> ASSIGNMENT
Copy, word for word, the lines of the listing below from the line with "I think countries" up to and including the line with "Товар доставили до". Drop the pictures.

== DATASET ENTRIES

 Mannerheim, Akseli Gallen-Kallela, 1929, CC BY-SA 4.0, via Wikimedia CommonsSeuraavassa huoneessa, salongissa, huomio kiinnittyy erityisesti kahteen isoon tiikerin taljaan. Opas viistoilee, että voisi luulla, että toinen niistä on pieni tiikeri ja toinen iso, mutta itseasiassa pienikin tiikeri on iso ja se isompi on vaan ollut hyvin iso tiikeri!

====
== DATASET ENTRIES

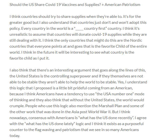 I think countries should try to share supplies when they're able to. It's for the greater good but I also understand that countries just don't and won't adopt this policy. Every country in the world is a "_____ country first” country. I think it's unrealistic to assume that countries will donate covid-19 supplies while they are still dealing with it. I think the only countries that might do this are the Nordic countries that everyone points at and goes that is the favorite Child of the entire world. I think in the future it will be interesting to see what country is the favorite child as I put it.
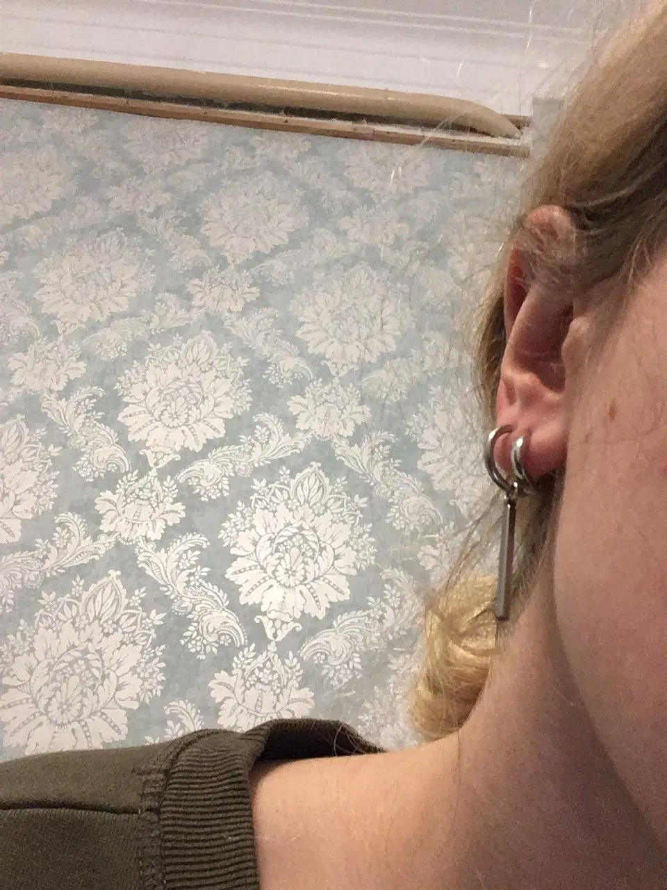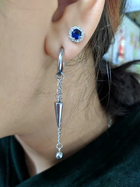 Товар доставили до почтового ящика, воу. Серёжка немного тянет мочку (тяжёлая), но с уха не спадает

====

> OUTPUT FOR THIS EXERCISE
 I think countries should try to share supplies when they're able to. It's for the greater good but I also understand that countries just don't and won't adopt this policy. Every country in the world is a "_____ country first” country. I think it's unrealistic to assume that countries will donate covid-19 supplies while they are still dealing with it. I think the only countries that might do this are the Nordic countries that everyone points at and goes that is the favorite Child of the entire world. I think in the future it will be interesting to see what country is the favorite child as I put it.
 Товар доставили до почтового ящика, воу. Серёжка немного тянет мочку (тяжёлая), но с уха не спадает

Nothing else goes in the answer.